I'm wearing mine today on a desert tan, RAF style, mil-spec nylon strap from Marathon (but the OEM Tropic, rubber strap is my favorite among all the straps I've tried so far).


----------



## commanche (Dec 10, 2014)

Congrats! Looks perfect! I also spotted Wacom tablet. What do you do for living if you dont mind me asking


----------



## NotAnotherHobby (May 14, 2016)

I am a photographer, not that you can tell from my lousy iPhone pics..lol



commanche said:


> Congrats! Looks perfect! I also spotted Wacom tablet. What do you do for living if you dont mind me asking


----------



## carlhaluss (Oct 27, 2007)

NotAnotherHobby said:


> ITS HERE!! Thanks for everyone reassuring me that the size would be fine. It sits perfectly on my 6.5 inch wrist, it's also my lightest watch so it disappears weight wise. Many have complained that the rubber strap was too long, not sure why, the strap seems the same size as all my others. The rubber is very soft and comfortable. It does taper down to a fairly small 15mm but that does not bother me. I have a Colareb Veniza leather and several NATOs coming so we will see what becomes the fave. Only thing I might add, as a quirk, is the crown. When unscrewed it feels like it's, hopefully, designed to have some slight wobble. Compared to my Tudor and my Seiko which when unscrewed are completely straight and unflexing. This on the other hand feels not like it's cheap or broken, but rather it was made to have some flex, i'm not seeing any movement in the stem but just the crown. Anyone care to comment on this? Here are a couple very quick iPhone snaps. She is a real beauty! I was on the fence about getting a Omega Sea Master, as it is a classic, but this is rather special. Its my birthday present for my 50th birthday, and how appropriate it is celebrating its own 50th..
> View attachment 8224202
> View attachment 8224218
> View attachment 8224226
> View attachment 8224234


Congratulations! I believe one of the finest watches to be had at any cost.

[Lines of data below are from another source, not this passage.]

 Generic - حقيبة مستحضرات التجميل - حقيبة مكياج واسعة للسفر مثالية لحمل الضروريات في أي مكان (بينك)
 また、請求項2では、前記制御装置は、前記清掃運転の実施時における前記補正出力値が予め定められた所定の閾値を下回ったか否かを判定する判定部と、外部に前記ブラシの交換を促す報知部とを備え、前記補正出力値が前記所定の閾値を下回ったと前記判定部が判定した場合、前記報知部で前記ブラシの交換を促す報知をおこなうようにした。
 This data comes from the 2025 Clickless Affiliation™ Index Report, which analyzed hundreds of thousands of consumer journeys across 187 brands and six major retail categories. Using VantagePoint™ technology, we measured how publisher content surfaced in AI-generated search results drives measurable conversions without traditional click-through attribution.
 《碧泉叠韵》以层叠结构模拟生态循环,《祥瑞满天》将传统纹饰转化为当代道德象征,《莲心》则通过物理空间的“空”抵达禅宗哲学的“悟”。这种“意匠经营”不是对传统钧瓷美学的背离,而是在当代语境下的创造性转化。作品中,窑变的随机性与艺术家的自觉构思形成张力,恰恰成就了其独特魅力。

There is a reason for the crown to be a bit wobbly. Unfortunately, my memory is awful and I cannot remember where I read it. The crown on my Grand Seiko Hi-Beat is just like that. And the reason has something to do with the structural integrity of the crown/stem or something like that. You might want to do a search online, but I can't for the life of me get any info about it. Perhaps someone more knowledgeable can chime in.


----------



## pay2play (May 16, 2016)

shelfcompact said:


> Should look just fine. It's not a bulky watch by any means.
> 
> I would have guessed a 6" to 6.25" wrist size.


I remeasure today and my actual wrist size is 6.3-6.4"


----------